Fighting for a historic site: Time is running out to speak up for Monacan rights

The James River Water Authority wants to build a water pump station at the confluence of the James and Rivanna rivers, an important historic site for the Monacan tribe. Photo: Carrie Pruitt The James River Water Authority wants to build a water pump station at the confluence of the James and Rivanna rivers, an important historic site for the Monacan tribe. Photo: Carrie Pruitt

By Zoé Edgecomb

Between now and May 7, Virginians have a rare opportunity to facilitate a moment of justice for the Monacan people whose land we live on.

Zion Crossroads, at the intersection of I-64 and Route 15, is developing rapidly, and local politicians have known for years that the groundwater is insufficient. Their solution is to pump water from the James River, and Louisa and Fluvanna counties created the James River Water Authority to make this happen.

The men on this board have determined that the cheapest, and therefore best, place for the water intake and pumping station is where the Rivanna River flows into the James —you may know it as Point of Fork or Columbia. The earliest maps of Virginia called it Rassawek, and European explorers noted it as the principal town of the Monacan, who occupied a large area in central Virginia, from the Fall Line (Richmond, Fredericksburg) into the Blue Ridge Mountains.

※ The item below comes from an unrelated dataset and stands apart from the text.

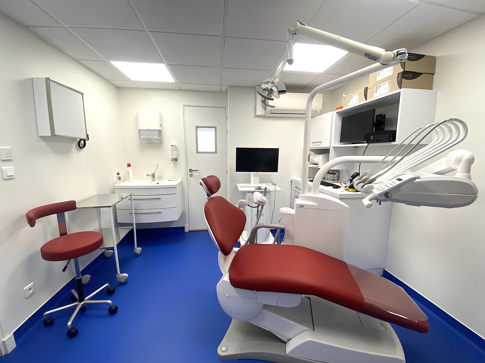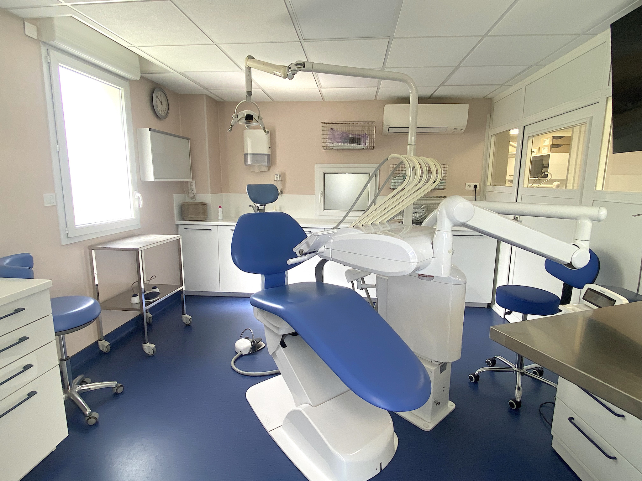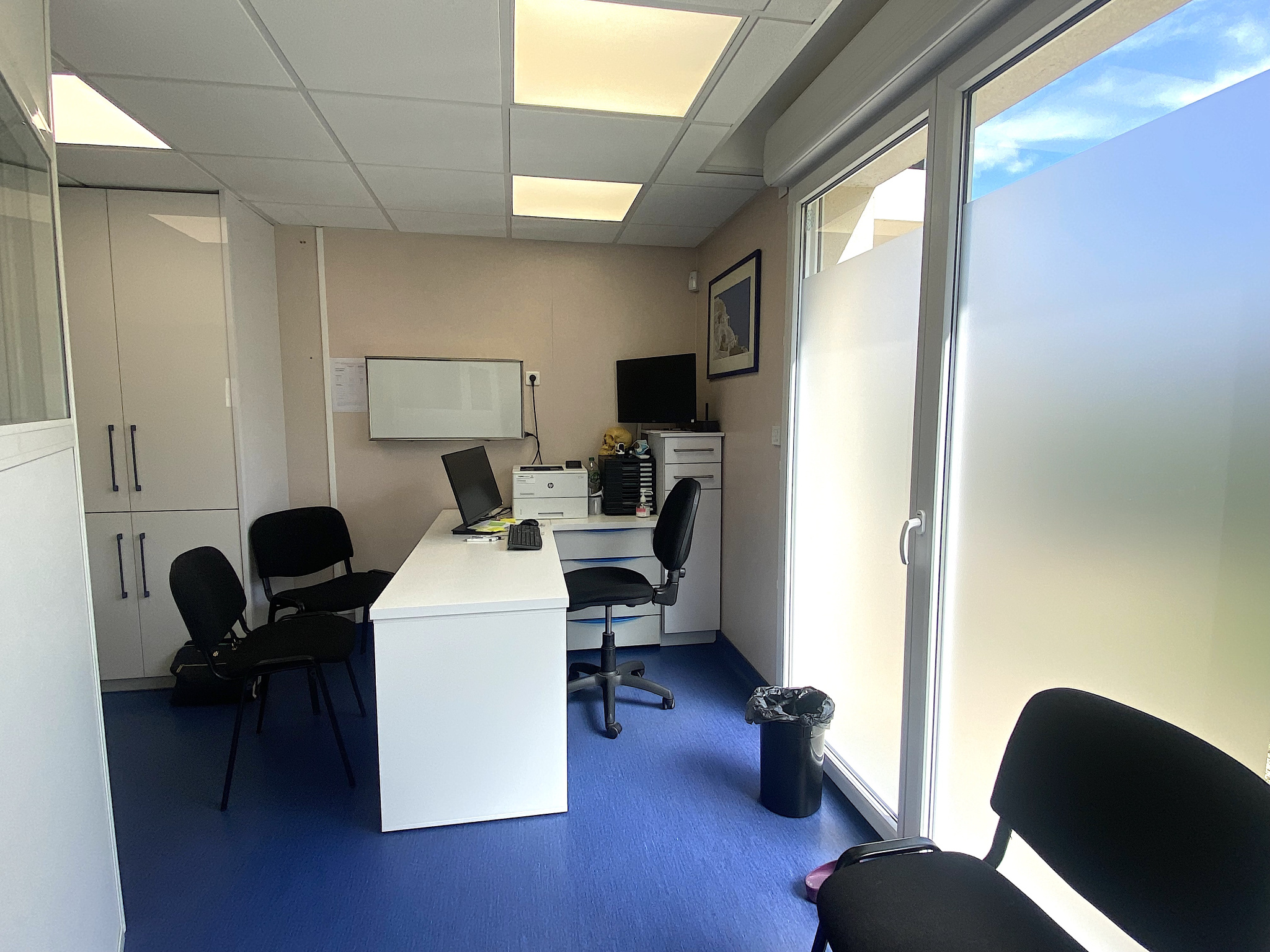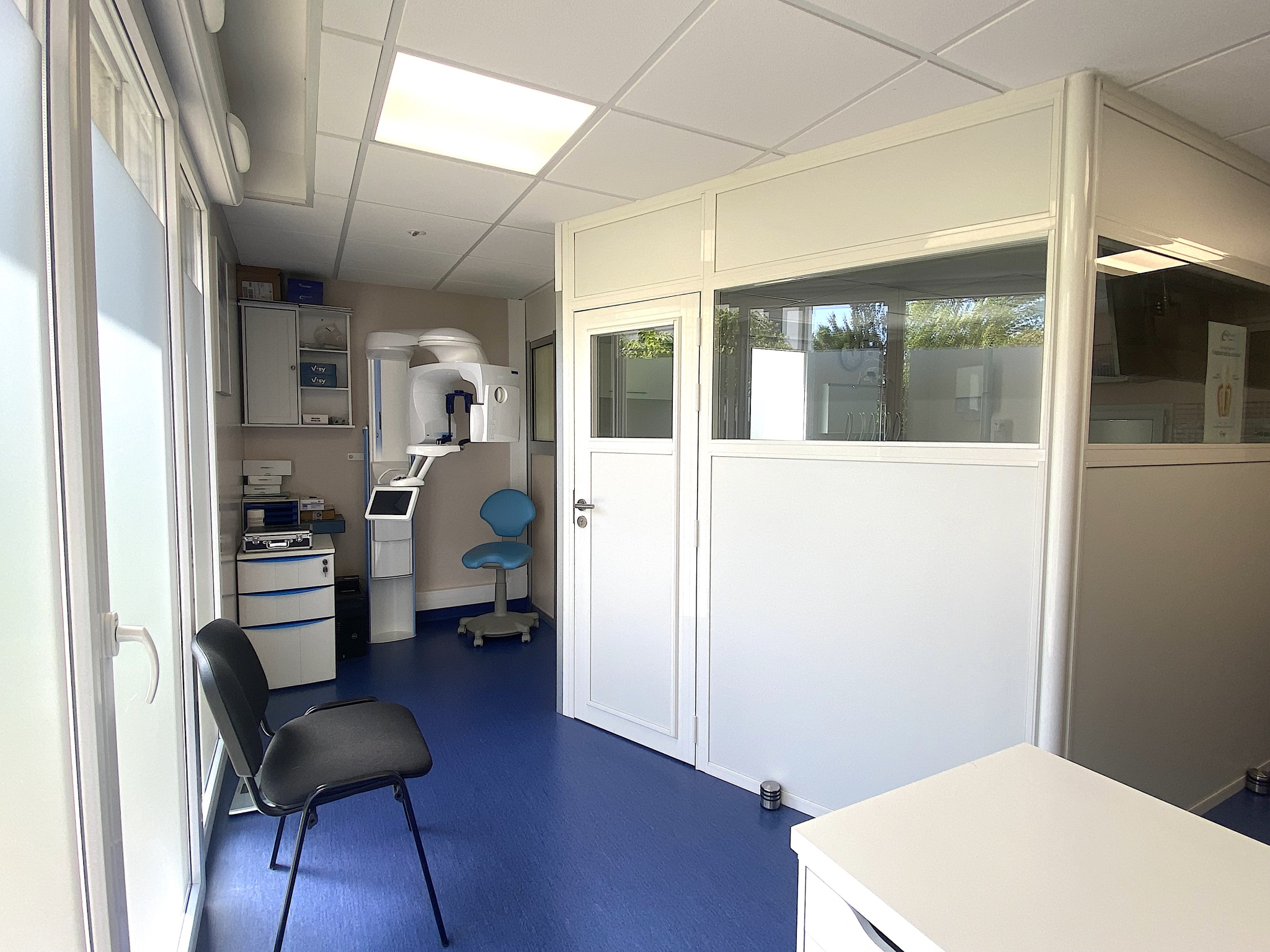 Actuellement utilisé en cabinet dentaire, il se compose d'une entrée hall d'accueil - secrétariat, d'une salle d'attente, d'un bureau médical avec cloison amovible, d'une salle de soins, d'une pièce vestiaire - détente, d'une pièce de rangement et de stérilisation, et de deux WC.

Several alternative locations for the project were studied, but after a well-attended meeting where over 100 people traveled to a gated community golf clubhouse to speak against it, the JRWA chose to continue the colonialist tradition of prioritizing profit over justice, and voted to submit an application for the third of four required permits to the Army Corps of Engineers.

The mindset that has allowed the project to get even this far is a product of centuries of myth-building: European colonists came to an empty, untamed land in which the Indians had already died off, and made the land fruitful for the first time. But the Monacan people have always been here, even if some of their number chose to incorporate into other tribes. The heart of the current community, a federally recognized tribe since 2018, beats just an hour south of Charlottesville, around Bear Mountain in Amherst County.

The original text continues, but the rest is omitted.